The problem is that DeFord's generation does think the market should reward everything they think is worthwhile. He's to the right of Friedman on this. He just doesn't know it. But it's a generational issue. Post World War II there was a moment where huge government funding plus a sudden broadening of the middle-class created a middlebrow culture that was actually profitable. That's not true anymore. Tastes fragmented; people have more choices; government funding dropped for cultural projects; the Cold War ended. Now you can still write long-form high-quality sports pieces; you just aren't likely to get paid for it. That's what he's really complaining about, not getting paid for it.

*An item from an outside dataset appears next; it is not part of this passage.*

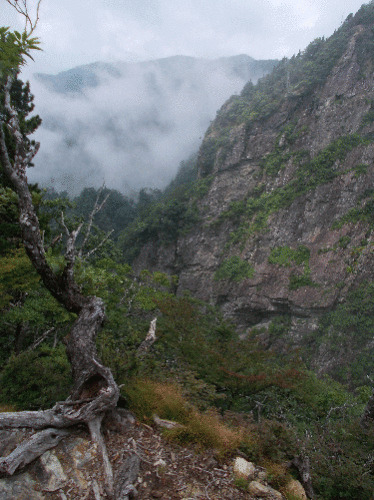 笑う膝をしかりつけながら、深山の幽玄たる景色を堪能する私。

That, and the fact that good quality writing isn't so easily available in a widely distributed format that arrives in your mailbox every week. Of course there's writing out there today that's as good or better than it ever was, but unless you actively look for it, you're not as likely to be as aware of its existence. This is a symptom of the decline of the print media (and its supporting institutions) in general, and the loss is quite real whether or not everyone wants to acknowledge it.

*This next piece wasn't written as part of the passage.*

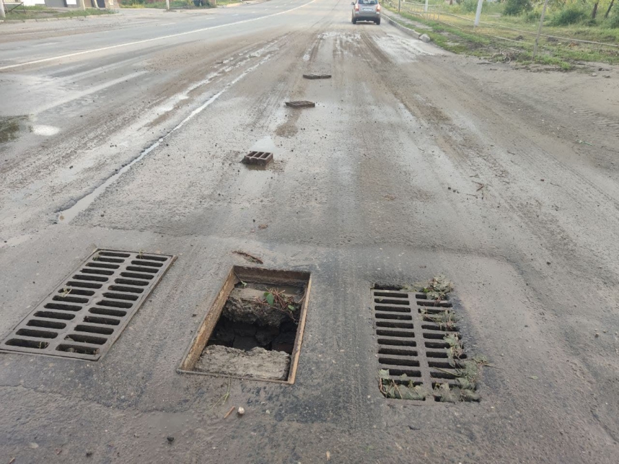 Помимо урагана, наблюдались и очень сильные осадки, которые не только затопили улицы, но и нанесли серьезный урон дорожному полотну: часть асфальта с щебнем вымыло, образовались рытвины.

Even the case of Bill James illustrates this. From 1982 through the end of the decade, Ballantine Books distributed his yearly abstracts to nearly every book shop in the country, reaching way beyond James's initial audience of a few hundred readers. And you could find inexpensive (meaning three bucks or less) back issues of these Abstracts in thousands of used book shops and thrift shops as well. Over the years I personally put James's books in the hands of scores of customers who were only vaguely aware of his name before they came in to my shop.
Today? You can still find his books on Amazon, but the point is that you have to already know about James to look for his books, and even more important, you have to make the active effort. You can't simply trip over him everywhere you went the way you could 15 or 25 years ago. And while his website may be thriving and his books may still sell to the SABR crowd, he's now pretty much reaching a larger version of the same hardcore audience as he was before Ballantine Books gave him his first contract. Whatever influence he has now is more indirect, through his followers in the MSM, whereas previously it was just as likely to come from James directly. And while his overall influence may be greater than ever, thanks to his MSM followers and the sabermetricians on team payrolls, there's still a "class" divide that was beginning to break down when his books could be found in every Crown Books and B&N in the country.